Our second assumption was that rare coding sequence changes in GNB1L might be responsible for the phenotype in a subset of ASD or schizophrenia cases. In 513 subjects with ASD we found three rare missense GNB1L variants that affect highly conserved nucleotides and are predicted to be deleterious. We have found no such variants in a smaller sample of 271 schizophrenia cases. For mutational burden analysis we defined potentially pathogenic variants as not present in dbSNP, conserved and as having deleterious effects on protein function as determined by two out of three bioinformatic functional prediction tools. Our assumption is that variants defined in such a way that includes nucleotide-sequence conservation and protein based prediction of functional effects are likely to be deleterious regardless of the ethnic background of subjects. The three ASD variants met those criteria and no variants meeting these criteria were detected in 1,044 controls (P = 0.036). The unique GNB1L variants in our families with autism were all inherited. As with dup22q11.2, the variants did not co-segregate with ASD diagnoses, suggesting the presence of additional risk factors. In autism males outnumber females by approximately fourfold, possibly a consequence of a lower threshold for expression of the ASD phenotype in males. This hypothesis is consistent with the transmission patterns we have observed. In the three autism families with missense mutations four of the five males who carry a variant have autism or ASD and the fifth has an elevated BPASS score. In contrast, only one of three female carriers has an elevated BPASS score. Our findings are consistent with the hypothesis that GNB1L mutations are risk factors in a multigenic threshold model for autism. Given the decreased penetrance and marked variability in expression for the behavioral phenotypes observed with deletion and duplication of the 22q11.2 region, it is likely that any causal gene in the region would have decreased penetrance as well. Decreased penetrance and variable phenotypic expression have been observed for other genes in which rare variants are reported to be associated with autism [Abrahams and Geschwind, 2008; State, 2010] such as SHANK3 [Moessner et al., 2007], NRXN1 [Kim et al., 2008], and CNTNAP2 [Bakkaloglu et al., 2008].

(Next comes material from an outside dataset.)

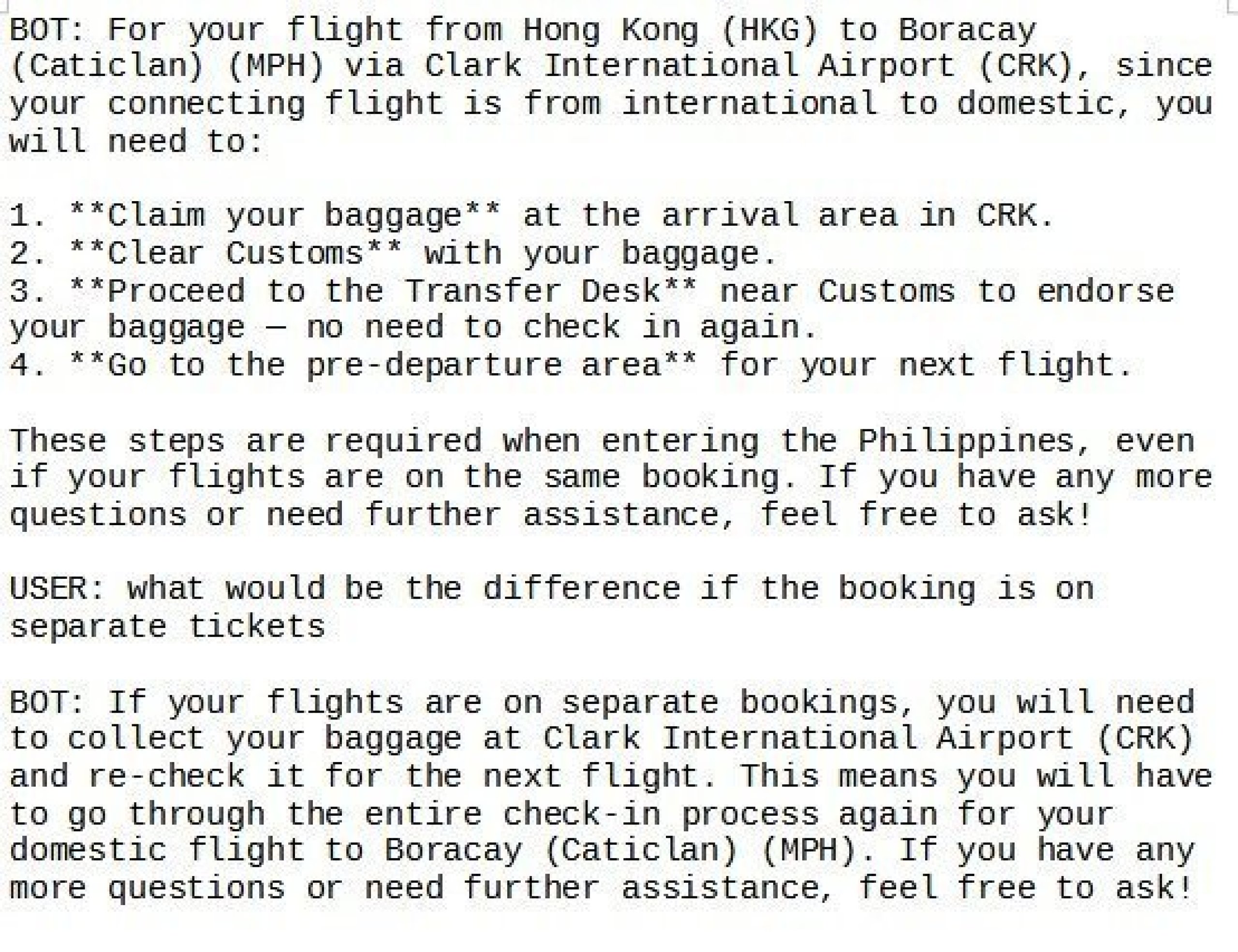 Ciao, ho chiesto qualcosa di simile sulla chat, io volerò a febbraio. I miei voli sono su un'unica prenotazione e per evitare Manila volerò via Clark con uno scalo di 3 ore. Farò il check-in online. Ho salvato la trascrizione della chat con il BOT, in allegato.

Our study has several weaknesses. Although the 46,XY,t(1;22)(p36.1;q11.2) translocation disrupts the GNB1L gene, it is possible that the resulting phenotype is due to position effects that alter expression of genes in the vicinity including TBX1 and COMT which are also strong candidates for behavioral phenotypes. In our screening of GNB1L for potentially damaging sequence variants we found an association of rare potentially damaging nonsynonimous variants and ASD. This conclusion is based on the assumption that currently available bioinformatic tools can accurately distinguish variations that will change the protein function and ultimately result in a behavioral phenotype. An additional weakness is that our cases and controls contain several ethnic and racial groups and their ethnic classification is based on self-identification. It is possible that the variants we have identified as potentially deleterious are polymorphisms in one of the ethnic subpopulations. Our findings should be replicated, preferably in a larger sample of cases, as it is likely that the contribution of rare variants in any one gene is responsible for a very small proportion of the genetic burden for complex disorder such as autism.

If our finding that rare missense GNB1L variants contribute to ASD in a subset of cases is replicated, studies would be warranted to determine the effects of such mutations on the GNB1L protein whose function is not well understood. As GNB1L lies in the critical del22q11.2 region it is a priori a candidate gene for neurodevelopmental disorders that occur in the associated CNV syndromes. Coupled with observations of other investigators for its involvement in schizophrenia, our detection of a translocation disrupting GNB1L and potentially damaging, extremely rare GNB1L variants in subjects with autism provides evidence that this gene may have a role in the pathogenesis of autism and expands the number of phenotypes associated with GNB1L.